**Activity**
Transcribe the listing verbatim, please, with images dropped.

**Data segment**
== Segment start ==
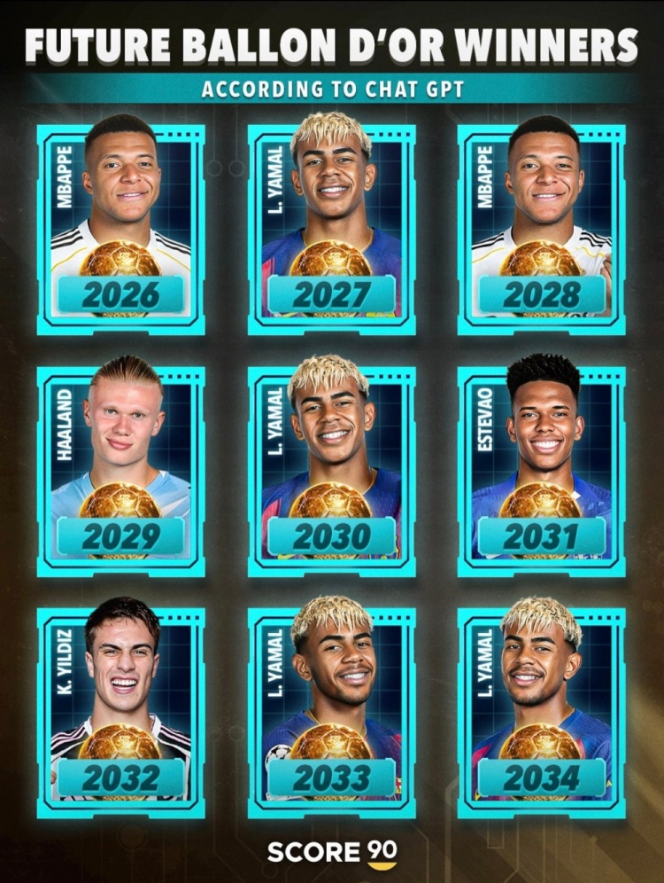 9月24日訊 Score90列出ChatGPT對未來幾年金球獎獲獎者名單,其中9年中亞馬爾占4席,具體如下:2026年:姆巴佩2027年:亞馬爾2028年:姆巴佩2029年:哈蘭德2030年:亞馬爾2...
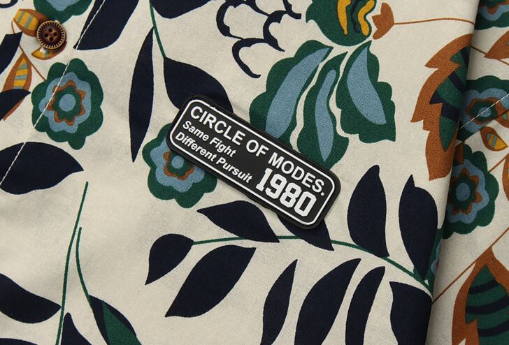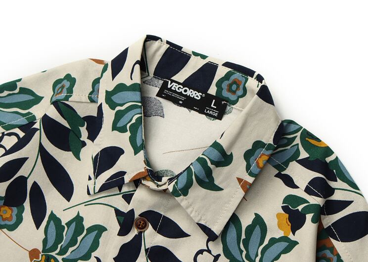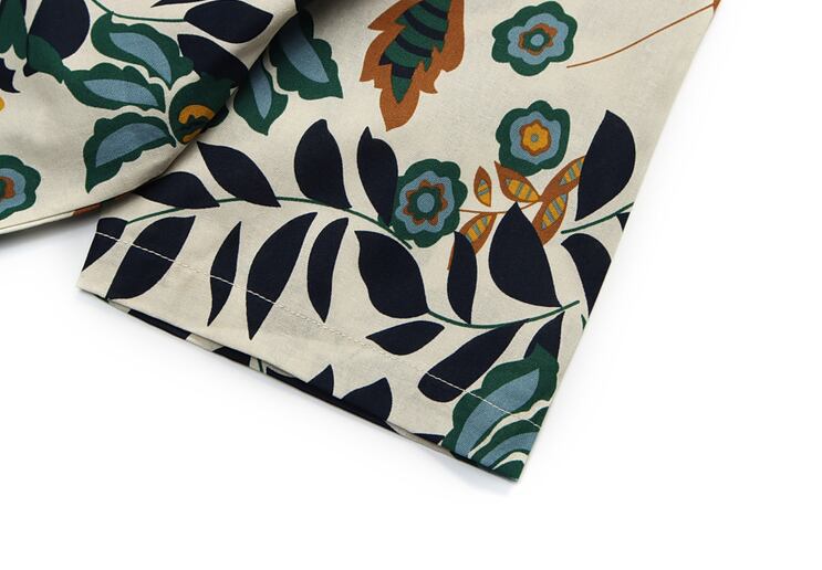南国らしい木々や葉っぱがデザインされたアロハシャツ。
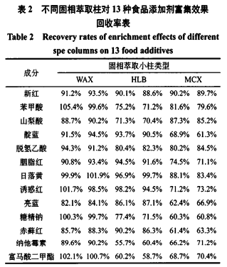 結(jié)果見(jiàn)表2,從結(jié)論還可以看得出,WatersOasisWAX固相萃取小柱利用率最大,對(duì)這次實(shí)驗(yàn)的13種食用添加劑聚集比較好,WatersOasisHLB固相萃取小柱和WatersOasisMCX固相萃取小柱利用率其次,緣故可能是,WatersOasisWAX固相萃取小柱特性為復(fù)合型弱陽(yáng)離子互換正相反吸收劑,具備弱陽(yáng)離子互換和非極性親水性雙向功效的混和吸收劑,對(duì)強(qiáng)酸堿性化學(xué)物質(zhì)具備高的目的性和敏感度,含弱堿性的胺基作用官能團(tuán),適用從偏堿或中性化化學(xué)物質(zhì)中分離純化酸性物質(zhì),可用以強(qiáng)酸堿性化學(xué)物質(zhì)的解決,此次實(shí)驗(yàn)的13種添加物均為水溶化學(xué)物質(zhì),選用WAX開(kāi)展聚集,2%苯甲酸清理可以將試樣中正離子狀況的雜物清理除去,再用5%氨解工業(yè)甲醇將聚集在固相萃取小柱分子結(jié)構(gòu)情況的食品添加劑開(kāi)展離子化過(guò)柱出來(lái);WatersOasisHLB內(nèi)的吸收劑是根據(jù)一個(gè)“獨(dú)特的旋光性捕捉官能團(tuán)”來(lái)提升對(duì)旋光性有機(jī)物的保存給予不錯(cuò)的水浸潤(rùn)性,用以酸堿性,中性化和偏堿化學(xué)物質(zhì)的通用性吸收劑,這類特性用以剖析人造黑色素很好的,可是這一小柱對(duì)添加劑中的納他霉素和富馬酸二甲酯的保存聚集實(shí)際效果較弱,緣故可能是HLB內(nèi)填充料是親脂化學(xué)物質(zhì),而納他霉素和富馬酸-ep酯是吸水性的,WatersOasisMCX固相萃取小柱是復(fù)合型正離子互換正相反吸收劑,對(duì)偏堿化學(xué)物質(zhì)具備高的目的性和敏感度,MCX小柱對(duì)一部分黑色素和添加劑的聚集實(shí)際效果也非常差,不可以與此同時(shí)對(duì)13種成份開(kāi)展剖析,故此次實(shí)驗(yàn)挑選WatersOasisWAX固相萃取小柱開(kāi)展。
== Segment end ==
**Expected answer**
 9月24日訊 Score90列出ChatGPT對未來幾年金球獎獲獎者名單,其中9年中亞馬爾占4席,具體如下:2026年:姆巴佩2027年:亞馬爾2028年:姆巴佩2029年:哈蘭德2030年:亞馬爾2...
南国らしい木々や葉っぱがデザインされたアロハシャツ。
 結(jié)果見(jiàn)表2,從結(jié)論還可以看得出,WatersOasisWAX固相萃取小柱利用率最大,對(duì)這次實(shí)驗(yàn)的13種食用添加劑聚集比較好,WatersOasisHLB固相萃取小柱和WatersOasisMCX固相萃取小柱利用率其次,緣故可能是,WatersOasisWAX固相萃取小柱特性為復(fù)合型弱陽(yáng)離子互換正相反吸收劑,具備弱陽(yáng)離子互換和非極性親水性雙向功效的混和吸收劑,對(duì)強(qiáng)酸堿性化學(xué)物質(zhì)具備高的目的性和敏感度,含弱堿性的胺基作用官能團(tuán),適用從偏堿或中性化化學(xué)物質(zhì)中分離純化酸性物質(zhì),可用以強(qiáng)酸堿性化學(xué)物質(zhì)的解決,此次實(shí)驗(yàn)的13種添加物均為水溶化學(xué)物質(zhì),選用WAX開(kāi)展聚集,2%苯甲酸清理可以將試樣中正離子狀況的雜物清理除去,再用5%氨解工業(yè)甲醇將聚集在固相萃取小柱分子結(jié)構(gòu)情況的食品添加劑開(kāi)展離子化過(guò)柱出來(lái);WatersOasisHLB內(nèi)的吸收劑是根據(jù)一個(gè)“獨(dú)特的旋光性捕捉官能團(tuán)”來(lái)提升對(duì)旋光性有機(jī)物的保存給予不錯(cuò)的水浸潤(rùn)性,用以酸堿性,中性化和偏堿化學(xué)物質(zhì)的通用性吸收劑,這類特性用以剖析人造黑色素很好的,可是這一小柱對(duì)添加劑中的納他霉素和富馬酸二甲酯的保存聚集實(shí)際效果較弱,緣故可能是HLB內(nèi)填充料是親脂化學(xué)物質(zhì),而納他霉素和富馬酸-ep酯是吸水性的,WatersOasisMCX固相萃取小柱是復(fù)合型正離子互換正相反吸收劑,對(duì)偏堿化學(xué)物質(zhì)具備高的目的性和敏感度,MCX小柱對(duì)一部分黑色素和添加劑的聚集實(shí)際效果也非常差,不可以與此同時(shí)對(duì)13種成份開(kāi)展剖析,故此次實(shí)驗(yàn)挑選WatersOasisWAX固相萃取小柱開(kāi)展。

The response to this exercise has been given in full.